Bourdieu : réceptions et appropriations

, par MATHIEU Lilian

L’appropriation du savoir sociologique par les acteurs peut-elle contribuer à une évolution de leurs représentations et de leurs pratiques ?

Dès l’origine, mais de manière plus accentuée ces dernières années, le travail de Pierre Bourdieu s’est voulu une analyse critique de la société dont les acquis devaient servir d’appoint à une action politique (au sens large).

Dans le « Post-scriptum » à La Misère du monde, le sociologue du Collège de France écrivait ainsi que « ce que le monde social a fait, le monde social peut, armé de ce savoir, le défaire [1] ». Nul ne doute que l’analyse sociologique – et surtout celle de Bourdieu – puisse servir d’outil de lutte, mais les modalités concrètes de la mobilisation de ce savoir à des fins de transformation sociale restent assez obscures.

Pour cette raison, il était intéressant d’apprécier dans quelle mesure l’appropriation du savoir sociologique par les acteurs est susceptible de contribuer à une évolution de leurs représentations et de leurs pratiques. À cette fin, des entretiens ont été réalisés avec deux jeunes femmes — l’une enseignante en ZEP, l’autre journaliste précaire — qui ont lu les analyses que Bourdieu a consacrées à leur univers professionnel, et dont cette lecture a marqué le rapport qu’elles entretiennent à leur pratique. C’est le récit de leur rencontre avec l’œuvre de Bourdieu, et de ce qu’elle a pour elles confirmé, éclairé, remis en cause — mais aussi de ce qu’elles en considèrent comme les limites, points aveugles ou erreurs d’interprétation — qui est ici exposé dans ce qui doit être envisagé comme une simple esquisse d’évaluation des effets sociaux de l’analyse sociologique.

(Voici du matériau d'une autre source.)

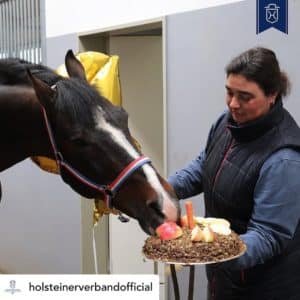 El semental celebró su cumpleaños con un puré del equipo de Holsteiner Verband Hengsthaltungs GmbH y, por supuesto, tiempo libre en el paddock 🥳 «Estamos muy felices y agradecidos de que Casall sea tan core y en forma a sus 24 años», dice el CEO Sebastian Rohde 🙏🏻 «Muchas gracias a este Presente a todo el equipo que ha sido tan apasionado por los sementales y su bienestar durante muchos años. 👏🏻 #Holsteinerassociation #holsteinerstallions «

Entretiens réalisés par Lilian Mathieu

Inaugurée en 1964 avec la publication (avec Jean-Claude Passeron) des Héritiers, l’analyse de l’école constitue un des éléments centraux de l’œuvre de Pierre Bourdieu. Cet entretien avec une jeune agrégée de sciences économiques et sociales interroge directement la capacité de la sociologie à dépasser le simple constat d’une école, instance de reproduction des inégalités sociales, pour davantage offrir les instruments de lutte contre la violence symbolique dont l’institution scolaire est le cadre. Ce sont ainsi les pertinences, mais aussi les limites (inhérentes notamment à un certain misérabilisme), de la sociologie critique de Bourdieu qui sont ici soulignées.

Les analyses que Pierre Bourdieu — et plusieurs sociologues de son école [2] — a produites du monde des médias ont donné lieu à de vives polémiques. Les plus véhéments de ses contempteurs, occupant souvent les positions les plus en vue du champ journalistique, ont dénoncé comme relevant d’une « haine des médias » ce qui était avant tout une critique de l’hétéronomie grandissante d’un univers soumis aux exigences de rentabilité des grands groupes de presse. L’entretien qui suit, réalisé auprès d’une jeune journaliste, valide largement les analyses bourdieusiennes en soulignant l’influence délétère de la dépendance économique et de la précarité de l’emploi sur la production de l’information.

P.-S.

Article paru dans Mouvements, n° 24, novembre-décembre 2002.

Notes

[1P. Bourdieu, La Misère du monde, Seuil, 1993, p. 944.

[2Cf. notamment A. Accardo (dir.), Journalistes au quotidien, Le Mascaret, Bordeaux, 1995.